# [What is required]
In the records below, begin at the line containing "Tinta UV de" and end at the line containing "Zestaw 5x Żarówek"; quote every line in that span exactly, including both boundary lines, and no others.

[Dataset excerpts]
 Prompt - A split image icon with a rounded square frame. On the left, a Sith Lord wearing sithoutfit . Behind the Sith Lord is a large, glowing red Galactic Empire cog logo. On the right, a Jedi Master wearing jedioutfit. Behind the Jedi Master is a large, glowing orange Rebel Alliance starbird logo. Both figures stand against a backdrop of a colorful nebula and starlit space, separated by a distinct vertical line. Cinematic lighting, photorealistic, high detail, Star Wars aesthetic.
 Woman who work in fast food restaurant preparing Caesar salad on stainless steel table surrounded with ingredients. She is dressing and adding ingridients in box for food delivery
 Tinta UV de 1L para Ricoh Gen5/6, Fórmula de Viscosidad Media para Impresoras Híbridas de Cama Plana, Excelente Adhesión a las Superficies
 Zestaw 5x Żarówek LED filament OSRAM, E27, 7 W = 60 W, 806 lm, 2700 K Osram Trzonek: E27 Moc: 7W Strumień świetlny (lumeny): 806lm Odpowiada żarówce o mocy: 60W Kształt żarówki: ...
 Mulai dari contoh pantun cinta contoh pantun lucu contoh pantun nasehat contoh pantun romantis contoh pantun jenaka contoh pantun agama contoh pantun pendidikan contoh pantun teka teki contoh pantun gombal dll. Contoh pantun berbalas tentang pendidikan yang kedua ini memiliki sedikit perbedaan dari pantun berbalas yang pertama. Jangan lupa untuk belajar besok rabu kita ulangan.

# [Solution to this task]
 Tinta UV de 1L para Ricoh Gen5/6, Fórmula de Viscosidad Media para Impresoras Híbridas de Cama Plana, Excelente Adhesión a las Superficies
 Zestaw 5x Żarówek LED filament OSRAM, E27, 7 W = 60 W, 806 lm, 2700 K Osram Trzonek: E27 Moc: 7W Strumień świetlny (lumeny): 806lm Odpowiada żarówce o mocy: 60W Kształt żarówki: ...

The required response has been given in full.